But her good manners could not save the tea party twice. 'Don't worry about it, Seamon,' Tyner said, his voice oddly jovial. 'You've got a few years. With some luck you might have something to be proud of, something better than a law firm and your father-in-law's millions.'

Tyner's line cried out for a grand departure, but the O'Neals' home, for all its graciousness, did not provide him with the unfettered passage needed to roll out dramatically.
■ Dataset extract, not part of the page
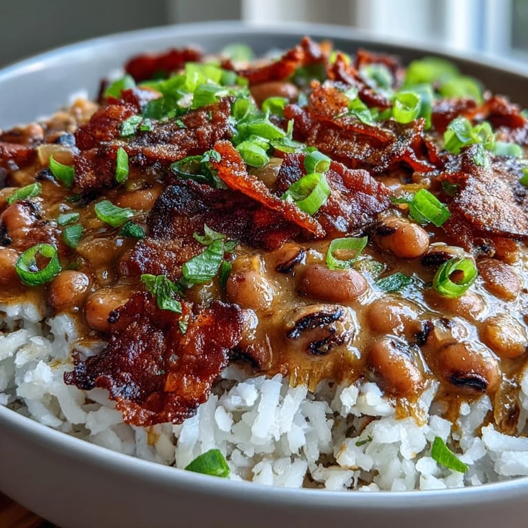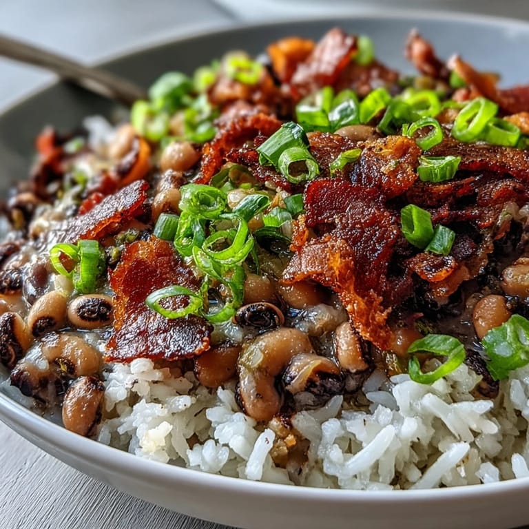 Merken My grandmother's kitchen always smelled like bacon grease and woodsmoke on New Year's Eve, the air thick with anticipation as she'd start her Hoppin John hours before midnight. She swore by the tradition—black-eyed peas for prosperity, greens for wealth, cornbread for gold—and honestly, whether the superstition worked or not, the dish itself felt like an invitation to something better. The first time I made it alone, I burned half the bacon and somehow still ended up with something that tasted like home. That's when I realized this isn't a fussy recipe; it's forgiving, honest, and deeply satisfying in the way Southern food should be.

Tess helped him navigate the kilim rug and the slippery runner in the hallway, a thin rug that bunched up under his wheels. At the front door she had to help him back away from the door before she could wrench it open. When she finally threw it open, a screeching noise filled the air, a horrible sound that echoed endlessly up and down Cross Place. She had set off the O'Neals' alarm system, apparently programmed for automatic, as if they expected Tyner and Tess to bolt.

Tyner made his way down the driveway and swung himself into the van's passenger seat. The days were growing shorter, and the fading light barely penetrated through the trees along Cross Place. In the doorways of the houses to the left and right, Tess saw silhouettes of men drawn by the still-shrieking alarm. As her eyes grew used to the dusk, she saw one had a lacrosse stick and another held what appeared to be an antique revolver. Slowly the men started moving toward the van. Tess threw the wheelchair in the back, not taking time to fold it. The Wasp avengers had reached the end of their curving walkways and were still approaching, silent and sure of themselves. Tess leapt into the driver's seat and floored the engine, backing out of the driveway and burning rubber as she accelerated off Cross Place, the alarm screaming in their ears, the neighbors almost on them. She was on St. Paul, heading back to the city, before she realized the blue and white flag still flew from the antenna.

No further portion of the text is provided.